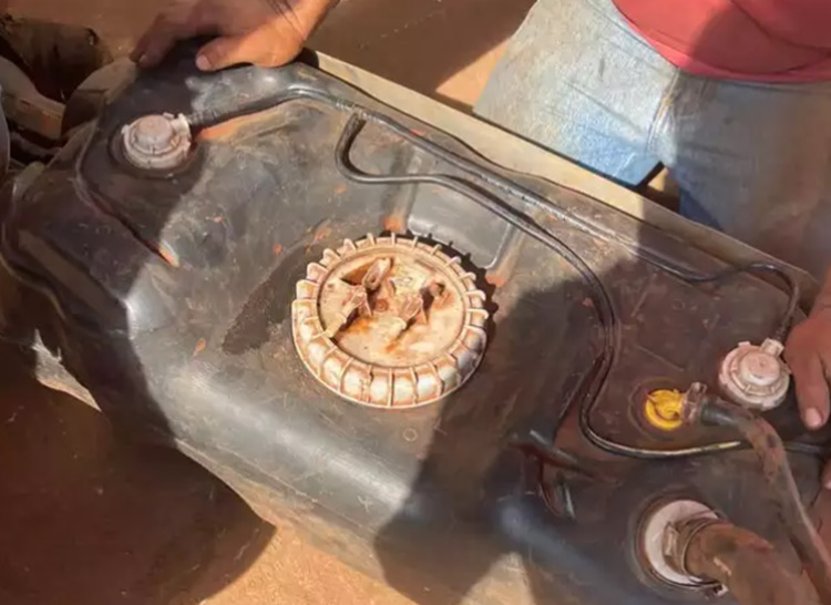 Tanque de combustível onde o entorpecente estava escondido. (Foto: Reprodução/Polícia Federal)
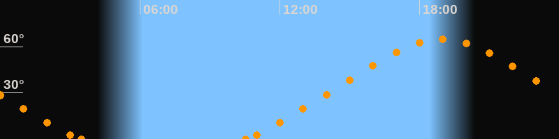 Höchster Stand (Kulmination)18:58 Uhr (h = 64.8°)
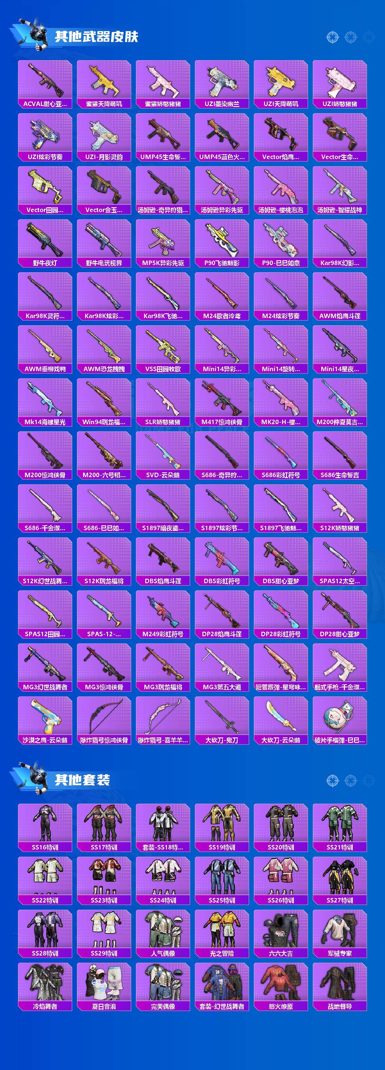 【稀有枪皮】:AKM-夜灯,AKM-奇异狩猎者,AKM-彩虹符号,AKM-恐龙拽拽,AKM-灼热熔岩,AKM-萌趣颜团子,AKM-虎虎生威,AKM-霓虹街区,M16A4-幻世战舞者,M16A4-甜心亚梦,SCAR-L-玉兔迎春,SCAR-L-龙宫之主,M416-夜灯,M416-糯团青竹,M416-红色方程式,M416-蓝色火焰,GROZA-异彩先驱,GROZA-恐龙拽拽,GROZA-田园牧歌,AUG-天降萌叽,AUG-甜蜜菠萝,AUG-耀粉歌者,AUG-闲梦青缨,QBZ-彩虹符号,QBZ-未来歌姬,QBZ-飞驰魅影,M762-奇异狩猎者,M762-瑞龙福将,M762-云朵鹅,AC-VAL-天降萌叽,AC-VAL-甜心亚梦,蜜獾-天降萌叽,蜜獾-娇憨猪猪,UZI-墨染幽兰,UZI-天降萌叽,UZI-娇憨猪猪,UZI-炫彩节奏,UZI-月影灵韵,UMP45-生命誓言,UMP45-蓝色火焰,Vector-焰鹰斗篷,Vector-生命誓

◆ ◆ ◆

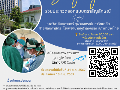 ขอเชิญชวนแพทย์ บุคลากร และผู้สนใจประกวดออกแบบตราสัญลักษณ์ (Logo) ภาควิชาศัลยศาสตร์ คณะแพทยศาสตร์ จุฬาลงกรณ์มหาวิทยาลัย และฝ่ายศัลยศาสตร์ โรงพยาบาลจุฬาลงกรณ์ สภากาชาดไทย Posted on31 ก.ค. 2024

◆ ◆ ◆

[What needs to be done]: All lines above starting at the one with "Tanque de combustível" and ending at the one with "Höchster Stand (Kulmination)18:58", inclusive, are to be printed again exactly, with the pictures left out.

[Solution to the problem]:
 Tanque de combustível onde o entorpecente estava escondido. (Foto: Reprodução/Polícia Federal)
 Höchster Stand (Kulmination)18:58 Uhr (h = 64.8°)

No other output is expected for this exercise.